Flackwell Heath 0 Thame 2


Flackwell Heath. Wilks Park 22

Flackwell Heath 0 Thame United 2 (16/11/2013)

When I was younger, I’d often skim-read the back pages of the local paper, noting the exploits of Bracknell Town, seemingly in perpetual struggle in the bowels of the bottom tier of the Isthmian League. The clubs they played were a complete mystery to me. Often the towns were a completely mystery too. Collier Row, Banstead, Cove… they were like names of fictional towns in a novel, and my imagination had so little comprehension of football in such places that my mind might as well have just said “dragons live here” like in a 19th century map detailing “darkest Africa”.

One of the more obscure to me, in a sea of obscurity, was the name Flackwell Heath. Sounding slightly like the everyday alter-ego of an American comic-book superhero (by day, Mild mannered Flackwell Heath…)  it was a place and a club I never remotely thought I’d see.

One of the drawbacks of going to a fair number of games is that you tend to run out of good and even reasonably local, new grounds to go to. This was the position I found myself in yesterday, with me not having the enthusiasm to go all the way to Forest Green Rovers, but fancying going somewhere as the sun was out. Flackwell Heath, partly thanks to the name, and partly thanks to being an easy 1/2 hour drive, won the day.

Arrival wasn’t hugely inspiring. While it had been sunny when I set off, large dark clouds jumped me like a mugger down a dark alleyway, leaving me arriving in a light drizzle. The packed car park was in contrast to the bar, which was nearly empty. Miley Cyrus, without clothes but with wrecking ball, played on the TV, while the in-bar glamour was provided by a photo of the chairman in the programme who (in that photo at least) looked a bit like a slimmer version of Bill Maynard in his Greengrass from Heartbeat days.

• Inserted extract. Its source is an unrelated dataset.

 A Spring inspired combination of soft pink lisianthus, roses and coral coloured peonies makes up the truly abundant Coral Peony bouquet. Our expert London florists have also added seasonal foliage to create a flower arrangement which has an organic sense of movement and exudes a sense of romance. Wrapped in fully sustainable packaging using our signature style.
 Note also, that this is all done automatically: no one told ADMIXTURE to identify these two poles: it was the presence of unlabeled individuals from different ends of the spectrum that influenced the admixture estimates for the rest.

Thankfully, while the crowd was never going to huge, there was a fair smattering of people inside the ground. Most seemed to be congregated around a block down one side housing the changing rooms and tea bar. The tea bar was cheerfully manned by a Bert & Doris type man and wife team, with her doing the cooking, and him taking the orders on a little notepad, and handling raffle-style tickets with the order number on to the customers. In truth they may not have been married, and they almost certainly weren’t called Bert and Doris, but with a bygone feel to the operation, it was like being back in the 50s. OK, I have no idea what the 50s were really like, but in my mind they were like Flackwell Heath’s tea bar. With it emanating warmth of all kinds onto the covered terrace in front, it must have be one of the most cosiest spots in non-league football on yesterday’s cold afternoon.

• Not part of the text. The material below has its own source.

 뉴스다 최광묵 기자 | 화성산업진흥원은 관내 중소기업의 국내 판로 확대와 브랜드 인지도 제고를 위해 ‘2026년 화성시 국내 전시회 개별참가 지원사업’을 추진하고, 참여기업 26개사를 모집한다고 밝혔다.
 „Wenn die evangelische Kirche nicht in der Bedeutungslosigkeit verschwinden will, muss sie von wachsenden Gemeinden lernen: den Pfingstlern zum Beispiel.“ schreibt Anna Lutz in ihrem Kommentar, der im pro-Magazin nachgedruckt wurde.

Flackwell Heath. Wilks Park 02

Opposite was the main stand. Four or five shallow rows of red seats, looking like the bucket seats once found at the front rows at Wembley, make this a stand for those who need to sit down, rather than those seeking a good view. The slightly Wild west style font used to spell Flackwell Heath FC along the fascia hints at this being a very old stand. Its breeze-block construction suggests otherwise.

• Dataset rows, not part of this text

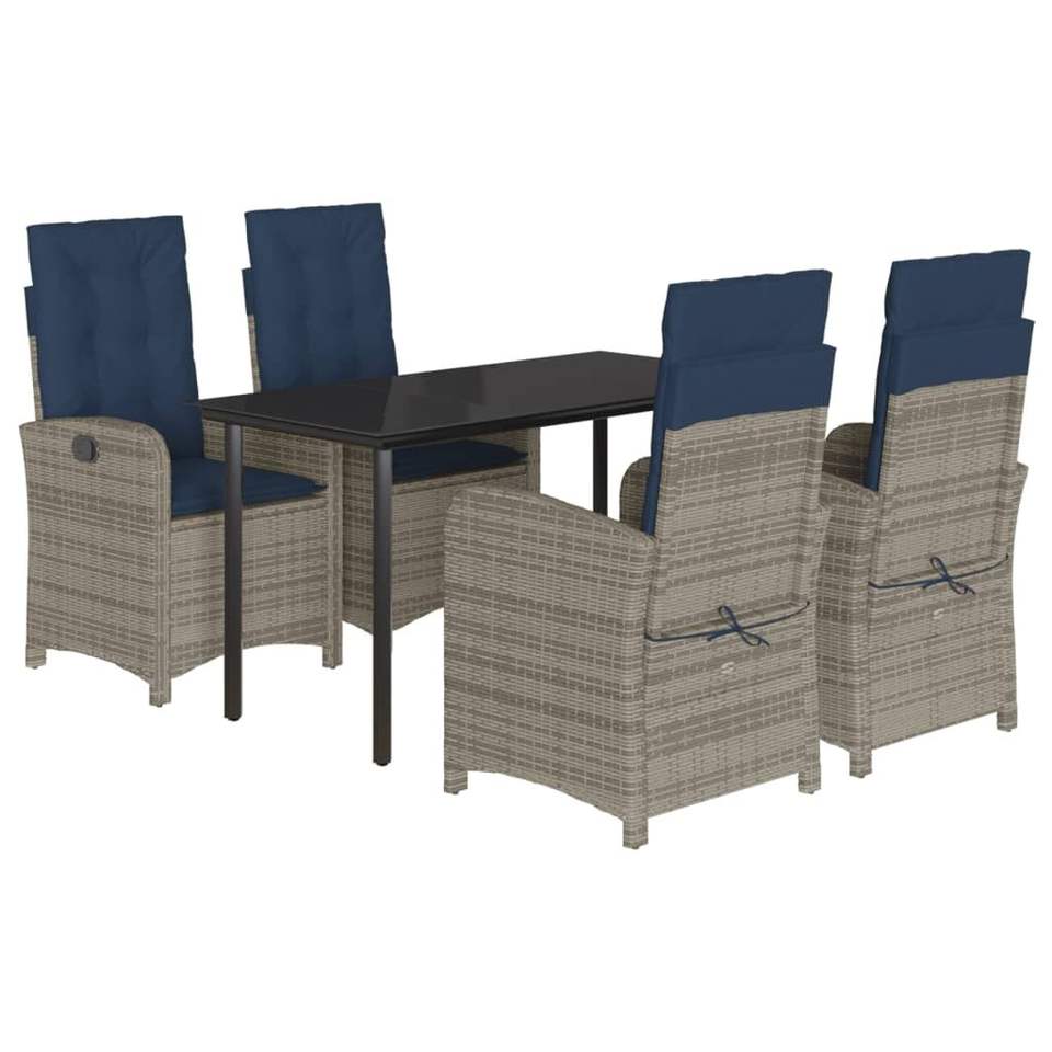 Set da pranzo Patio in Rattan grigio 5 pezzi con cuscini eleganti Set da giardino
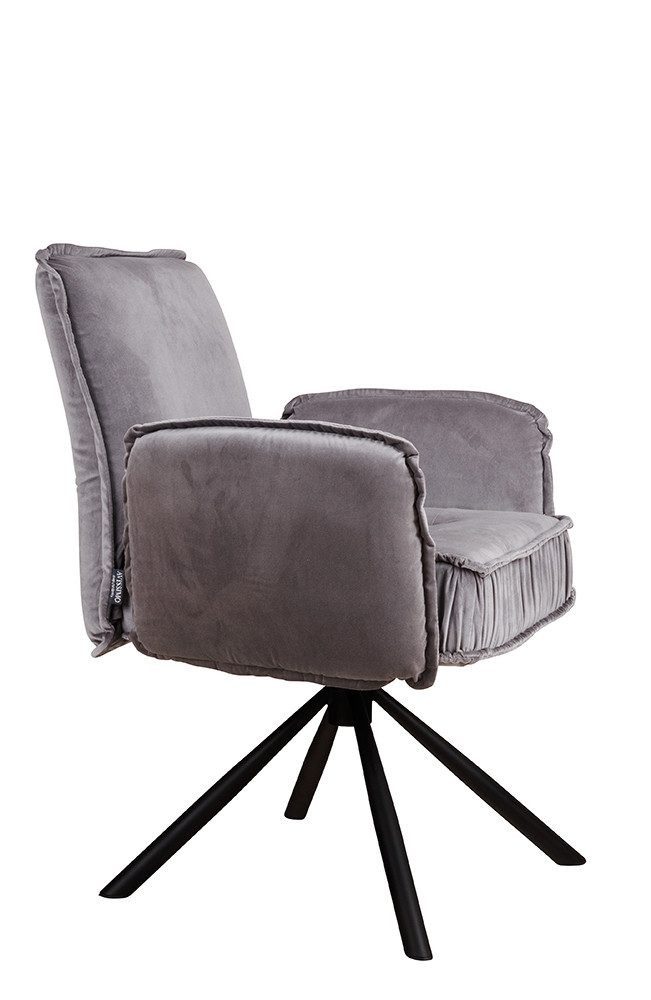 Ein stilvoller und klassischer Vollpolsterstuhl mit Metallfüßen. Die geschwungenen Armlehnen verleihen dem Stuhl eine interessante und ansprechende Optik. Die Polsterung des Stuhls ist vollständig mit hochwertigem Stoff bezogen. Er verfügt über ein Metallgestell mit 360° Drehfuntion und Rückholfunktion.
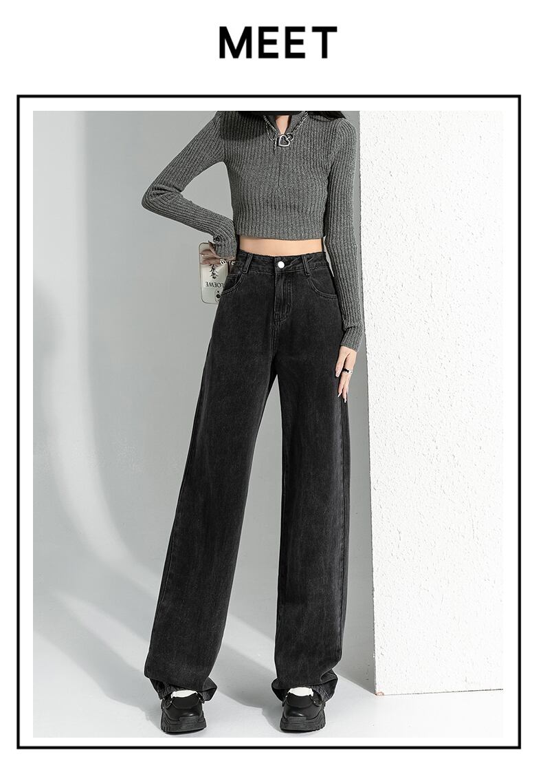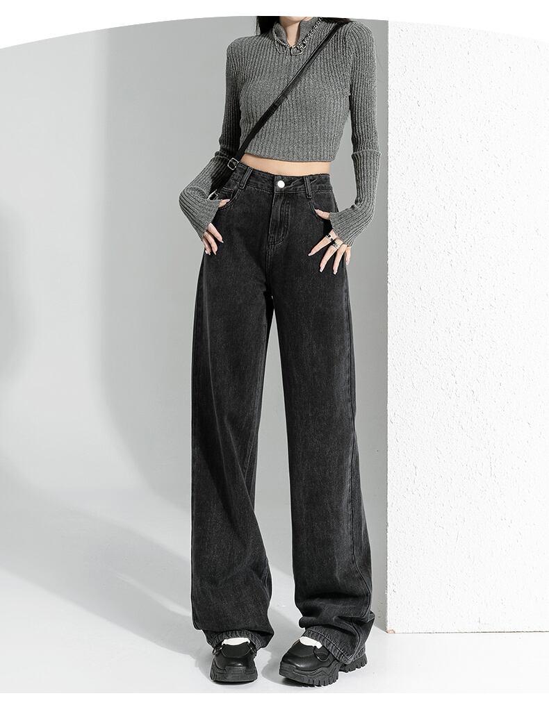ブラック グレー ハイウエスト ワイドレッグ ジーンズ レディース 初秋 2022 新しい ルーズでドレープ ストレートレッグ パンツ 秋服 オータム 秋物 youqi94751932191

Both ends are partially covered to about the width of the six yard box, with a couple of steps of terracing providing a token raised view. The northern end slopes downhill in one corner, and this end, on a less murky afternoon, would have presented a picturesque backdrop with the trees and hills behind.

At the southern end, a battle of wills appeared to be taking place, between one person who thought the goal nets should be hooked over the perimeter fence, and somebody else who doesn’t. I arrived to see them hooked up, only to see them unhooked before halftime, with them hooked up again in the 2nd half. Whether it’s someone being mischievous, or two club officials with OCD and differing views on how nets should look, who knows. Or cares, being honest.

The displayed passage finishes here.